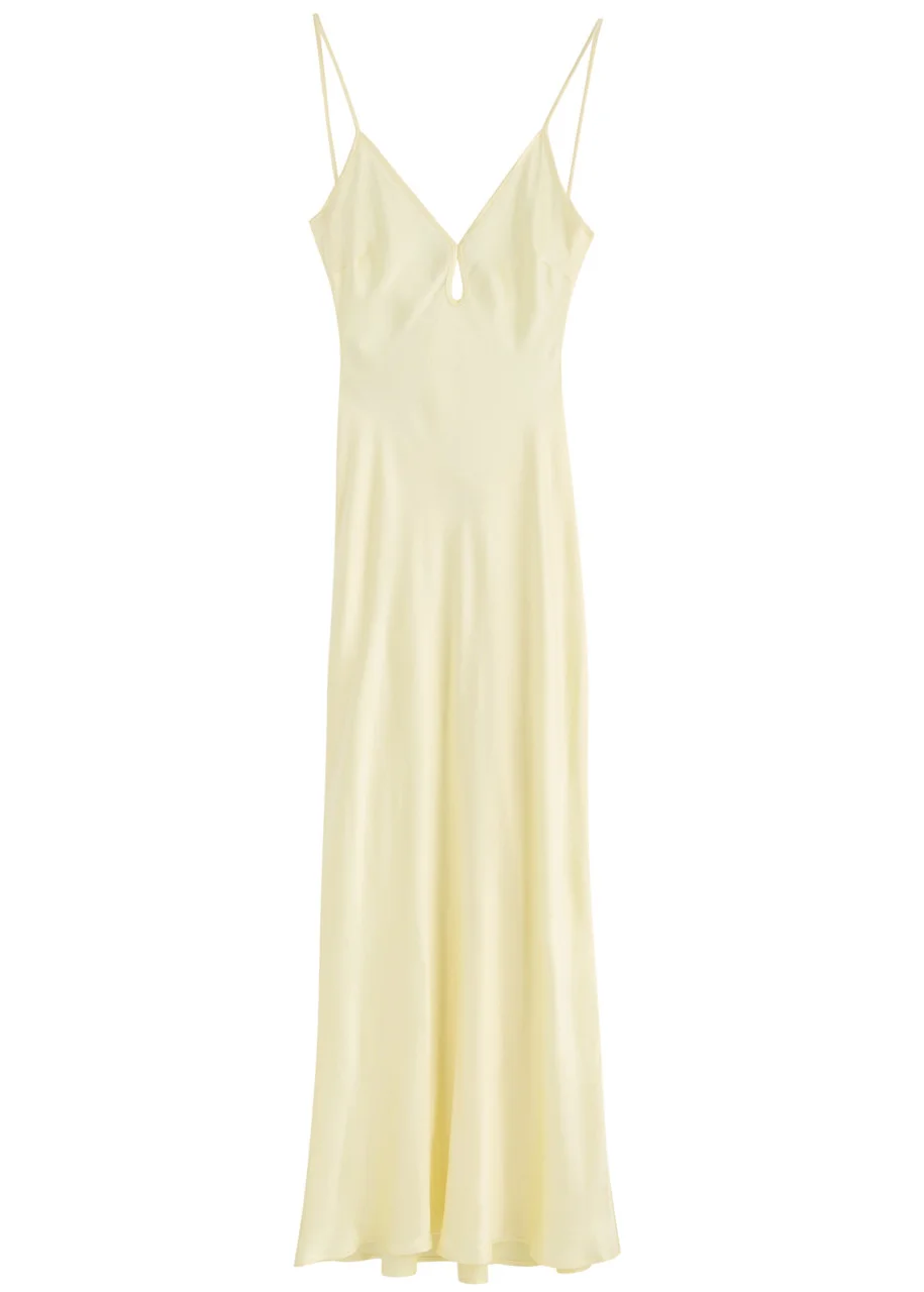 Info & Care Bec & Bridge satin dress Keyhole cut-out at V-neck, open back; Adjustable tie-fastening at back; 100% viscose Dry clean Size & Fit Length shoulder to hem: 69 inches/ 175cm Midweight Slim fit, relaxed through hips Model is 5'9"/ 175cm and wears a size UK8
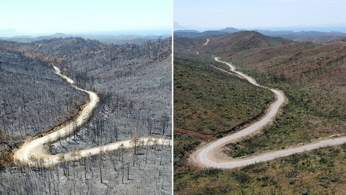 Yangının hemen ardından çekilen fotoğrafla bugün alınan görüntü yan yana getirildiğinde yaşanan çarpıcı gelişme gözler önüne seriliyor.
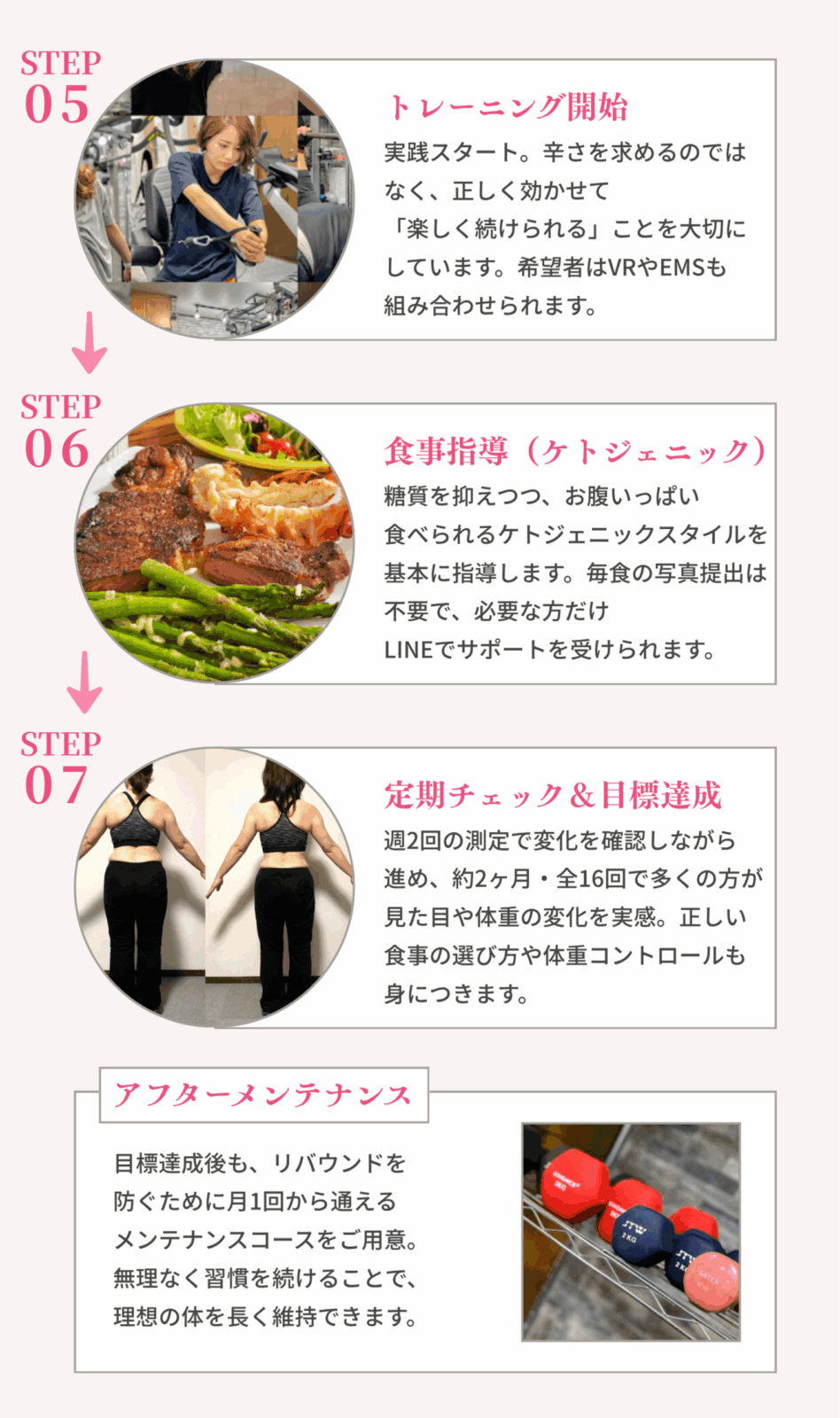 初心者でもキチンと効かせられて効果が判るよう細やかに指導させて頂いておりますのでご安心ください。
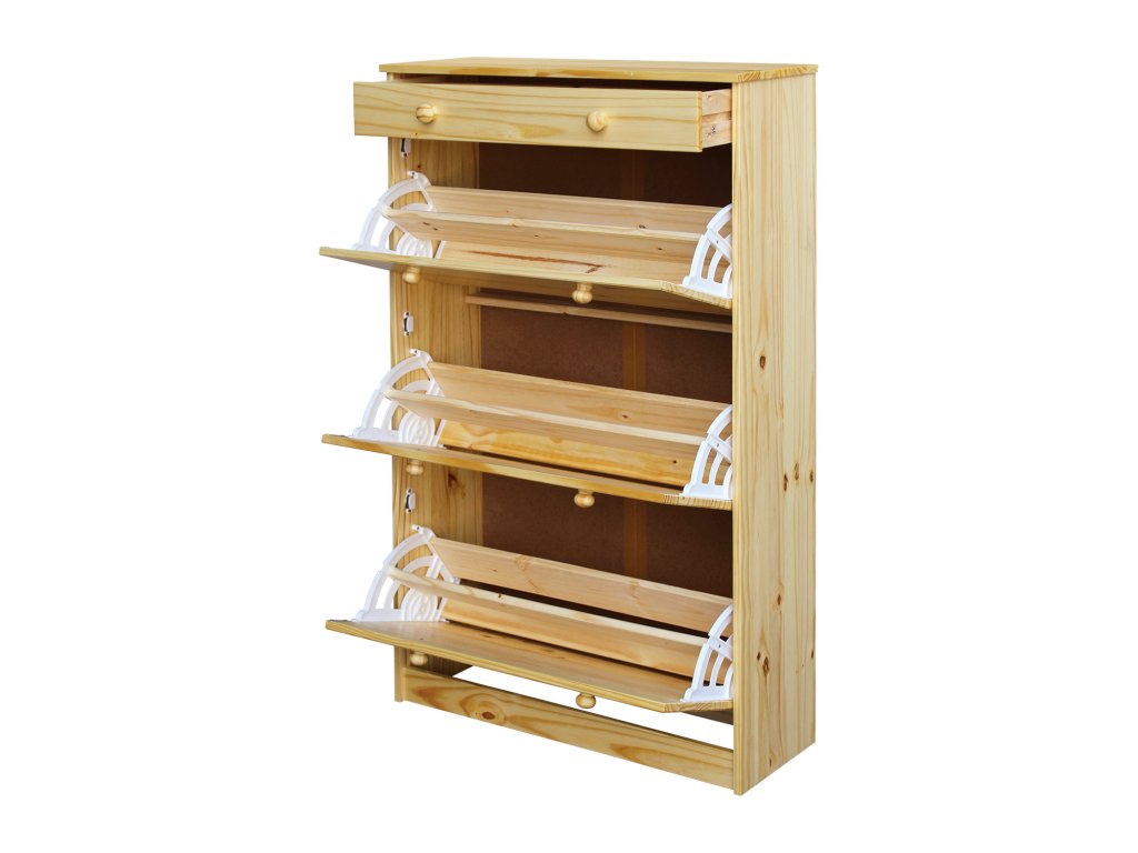 Botník 8833 z masivní borovice je ideálním řešením pro každého, kdo si potrpí na pořádek i estetiku hned u vstupu do domova. Rozházená obuv v chodbě ztrácí svůj prostor – tento elegantní a praktický botník jí vrátí řád a přispěje k příjemné atmosféře vaší předsíně.Botník nabízí tři dvouřadé výklopy pro uložení většího množství bot a praktickou zásuvku, do které snadno uložíte klíče, drobnosti nebo třeba doplňky na obuv. Kvalitní provedení z masivního dřeva zaručuje dlouhou životnost a stabilitu, přičemž přírodní vzhled borovice působí vřele a domácky.

> [WHAT YOU NEED TO DO] Write out again exactly the lines from the start of the data above through the line containing "初心者でもキチンと効かせられ", inclusive, excluding any pictures.

> [SOLUTION TO THIS PROBLEM]
 Info & Care Bec & Bridge satin dress Keyhole cut-out at V-neck, open back; Adjustable tie-fastening at back; 100% viscose Dry clean Size & Fit Length shoulder to hem: 69 inches/ 175cm Midweight Slim fit, relaxed through hips Model is 5'9"/ 175cm and wears a size UK8
 Yangının hemen ardından çekilen fotoğrafla bugün alınan görüntü yan yana getirildiğinde yaşanan çarpıcı gelişme gözler önüne seriliyor.
 初心者でもキチンと効かせられて効果が判るよう細やかに指導させて頂いておりますのでご安心ください。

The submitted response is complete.